Customize n-gram size.
```go
j := metrics.NewJaccard()
j.CaseSensitive = false
j.NgramSize = 3

similarity := strutil.Similarity("Time to make haste", "no time to waste", j)
fmt.Printf("%.2f\n", similarity) // Output: 0.36
```

The input of the Sorensen-Dice example is the same as the one of Jaccard
because the metrics bear a resemblance to each other.
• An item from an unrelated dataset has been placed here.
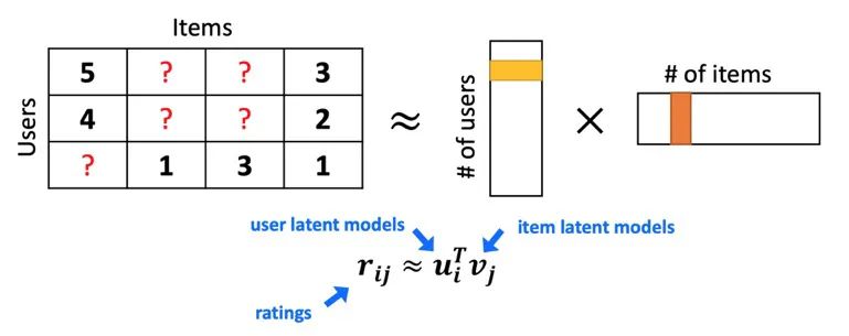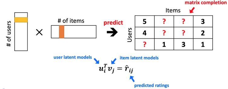 维的物品矩阵,每一列是物品的隐式向量表示,用户和物品向量的内积即为预估的评分。那如何进行分解呢?随机初始化矩阵,使用均方误差作为loss,梯度下降进行学习。这个过程中还可以加入正则项,降低泛化误差。由 FunkSVD 开始,基于 Matrix factor(MF) 的方法大放异彩。

In fact, each of the
coefficients can be used to calculate the other one.

Sorensen-Dice to Jaccard.
```
J = SD/(2-SD)

where SD is the Sorensen-Dice coefficient and J is the Jaccard index.
```

Jaccard to Sorensen-Dice.
```
SD = 2*J/(1+J)

where SD is the Sorensen-Dice coefficient and J is the Jaccard index.
```

More information and additional examples can be found on
[pkg.go.dev](https://pkg.go.dev/github.com/adrg/strutil/metrics#Jaccard).

#### Overlap Coefficient

Calculate similarity using default options.
```go
oc := metrics.NewOverlapCoefficient()
similarity := strutil.Similarity("time to make haste", "no time to waste", oc)
fmt.Printf("%.2f\n", similarity) // Output: 0.67
```

Customize n-gram size.
```go
oc := metrics.NewOverlapCoefficient()
oc.CaseSensitive = false
oc.NgramSize = 3

similarity := strutil.Similarity("Time to make haste", "no time to waste", oc)
fmt.Printf("%.2f\n", similarity) // Output: 0.57
```

More information and additional examples can be found on
[pkg.go.dev](https://pkg.go.dev/github.com/adrg/strutil/metrics#OverlapCoefficient).

## References

For more information see:
- [Hamming distance](https://en.wikipedia.org/wiki/Hamming_distance)
- [Levenshtein distance](https://en.wikipedia.org/wiki/Levenshtein_distance)
- [Jaro-Winkler distance](https://en.wikipedia.org/wiki/Jaro-Winkler_distance)
- [Smith-Waterman algorithm](https://en.wikipedia.org/wiki/Smith-Waterman_algorithm)
- [Sorensen-Dice coefficient](https://en.wikipedia.org/wiki/Sorensen–Dice_coefficient)
- [Jaccard index](https://en.wikipedia.org/wiki/Jaccard_index)
- [Overlap coefficient](https://en.wikipedia.org/wiki/Overlap_coefficient)

## Stargazers over time

[![Stargazers over time](https://starchart.cc/adrg/strutil.svg)](https://starchart.cc/adrg/strutil)

## Contributing

Contributions in the form of pull requests, issues or just general feedback,
are always welcome.
See [CONTRIBUTING.MD](CONTRIBUTING.md).

## License

Copyright (c) 2019 Adrian-George Bostan.

This project is licensed under the [MIT license](https://opensource.org/licenses/MIT).
See [LICENSE](LICENSE) for more details.